• [Aim of the exercise]:
Omit all pictures. Quote only the lines from the one with "The women doing" through the end of the material below.

• [Information shown]:

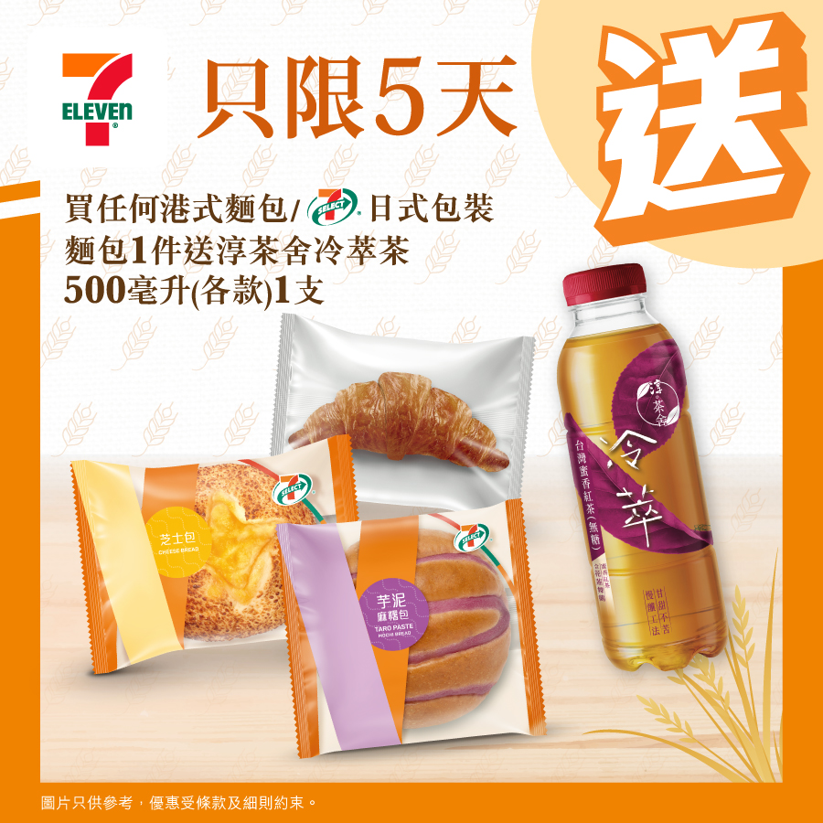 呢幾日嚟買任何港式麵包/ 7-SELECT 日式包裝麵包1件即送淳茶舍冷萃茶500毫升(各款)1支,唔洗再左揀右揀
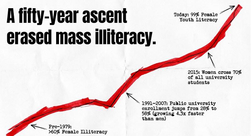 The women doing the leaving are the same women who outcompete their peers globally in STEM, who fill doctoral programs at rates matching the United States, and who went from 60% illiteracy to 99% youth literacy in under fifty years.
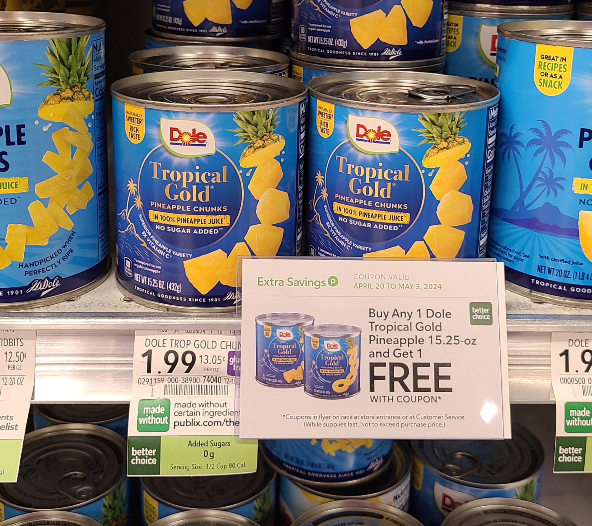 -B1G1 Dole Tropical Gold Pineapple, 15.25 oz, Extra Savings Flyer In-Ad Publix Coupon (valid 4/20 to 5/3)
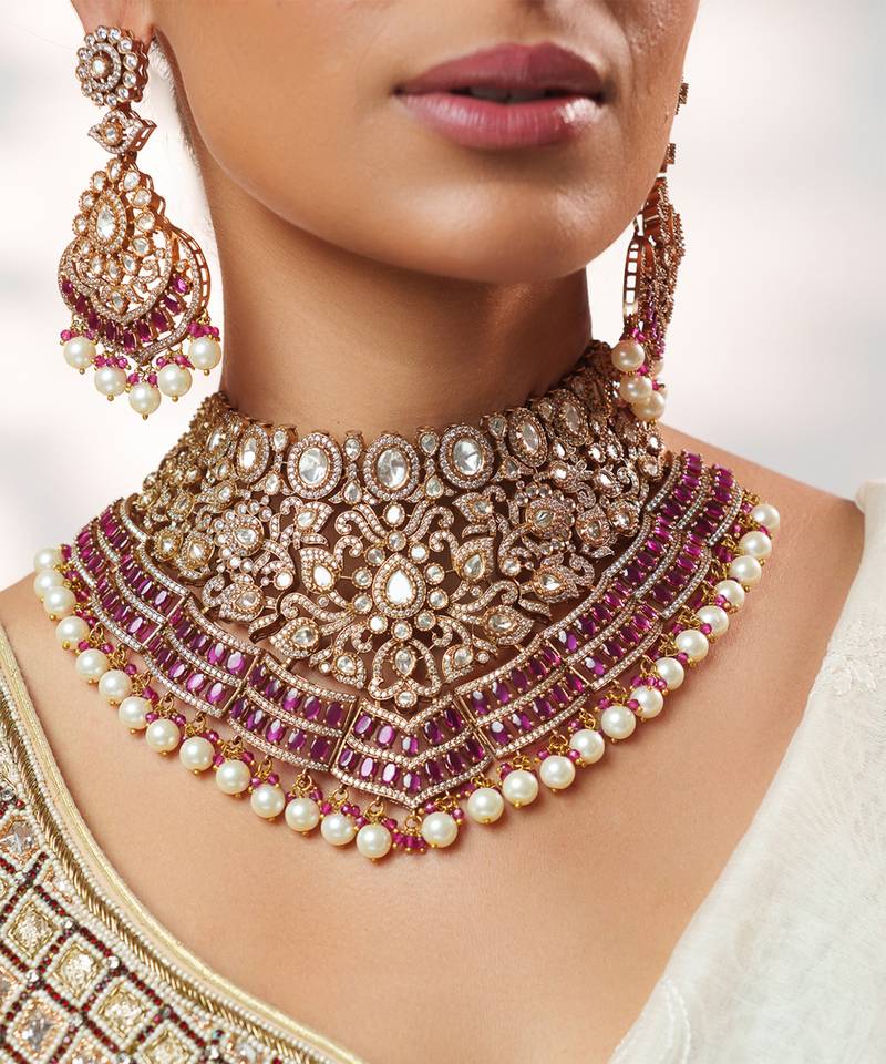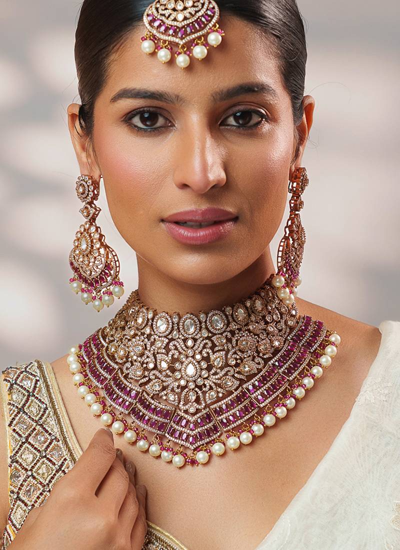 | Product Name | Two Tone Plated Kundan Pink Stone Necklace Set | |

• [Reply to the task]:
 The women doing the leaving are the same women who outcompete their peers globally in STEM, who fill doctoral programs at rates matching the United States, and who went from 60% illiteracy to 99% youth literacy in under fifty years.
 -B1G1 Dole Tropical Gold Pineapple, 15.25 oz, Extra Savings Flyer In-Ad Publix Coupon (valid 4/20 to 5/3)
 | Product Name | Two Tone Plated Kundan Pink Stone Necklace Set | |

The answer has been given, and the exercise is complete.